▶ _Work to complete_:
The result should be all the records, exact and complete, without a single picture.

▶ _Extracted entries_:
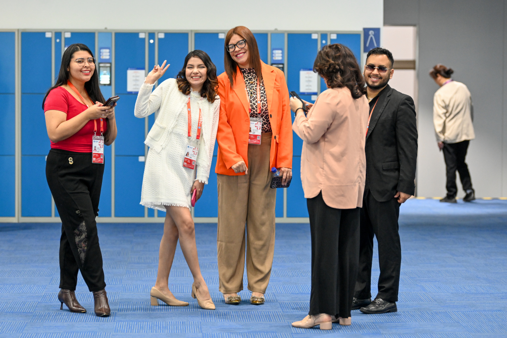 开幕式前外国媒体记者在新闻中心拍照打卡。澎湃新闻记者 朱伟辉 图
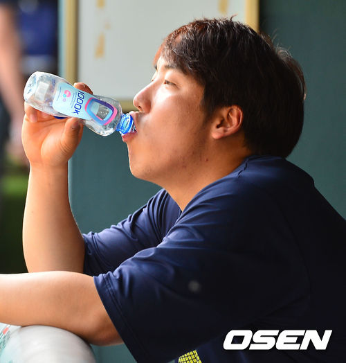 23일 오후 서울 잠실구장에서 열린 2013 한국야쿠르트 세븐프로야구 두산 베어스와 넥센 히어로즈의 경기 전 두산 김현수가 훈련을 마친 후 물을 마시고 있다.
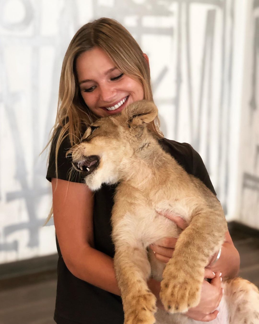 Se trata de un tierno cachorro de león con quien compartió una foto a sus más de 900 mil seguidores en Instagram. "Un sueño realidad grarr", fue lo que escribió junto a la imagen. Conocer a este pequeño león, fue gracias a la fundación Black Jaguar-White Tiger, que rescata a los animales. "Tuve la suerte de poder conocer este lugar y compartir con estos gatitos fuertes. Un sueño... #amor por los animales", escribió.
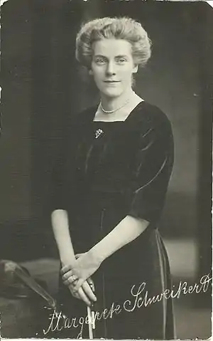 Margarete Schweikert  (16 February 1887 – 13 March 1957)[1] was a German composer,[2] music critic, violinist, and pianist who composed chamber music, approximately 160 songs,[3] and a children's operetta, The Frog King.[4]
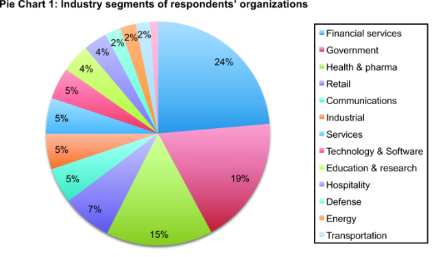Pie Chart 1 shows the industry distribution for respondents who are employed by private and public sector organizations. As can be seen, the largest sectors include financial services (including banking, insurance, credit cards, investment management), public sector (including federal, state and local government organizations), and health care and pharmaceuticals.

▶ _Answer box_:
 开幕式前外国媒体记者在新闻中心拍照打卡。澎湃新闻记者 朱伟辉 图
 23일 오후 서울 잠실구장에서 열린 2013 한국야쿠르트 세븐프로야구 두산 베어스와 넥센 히어로즈의 경기 전 두산 김현수가 훈련을 마친 후 물을 마시고 있다.
 Se trata de un tierno cachorro de león con quien compartió una foto a sus más de 900 mil seguidores en Instagram. "Un sueño realidad grarr", fue lo que escribió junto a la imagen. Conocer a este pequeño león, fue gracias a la fundación Black Jaguar-White Tiger, que rescata a los animales. "Tuve la suerte de poder conocer este lugar y compartir con estos gatitos fuertes. Un sueño... #amor por los animales", escribió.
 Margarete Schweikert  (16 February 1887 – 13 March 1957)[1] was a German composer,[2] music critic, violinist, and pianist who composed chamber music, approximately 160 songs,[3] and a children's operetta, The Frog King.[4]
Pie Chart 1 shows the industry distribution for respondents who are employed by private and public sector organizations. As can be seen, the largest sectors include financial services (including banking, insurance, credit cards, investment management), public sector (including federal, state and local government organizations), and health care and pharmaceuticals.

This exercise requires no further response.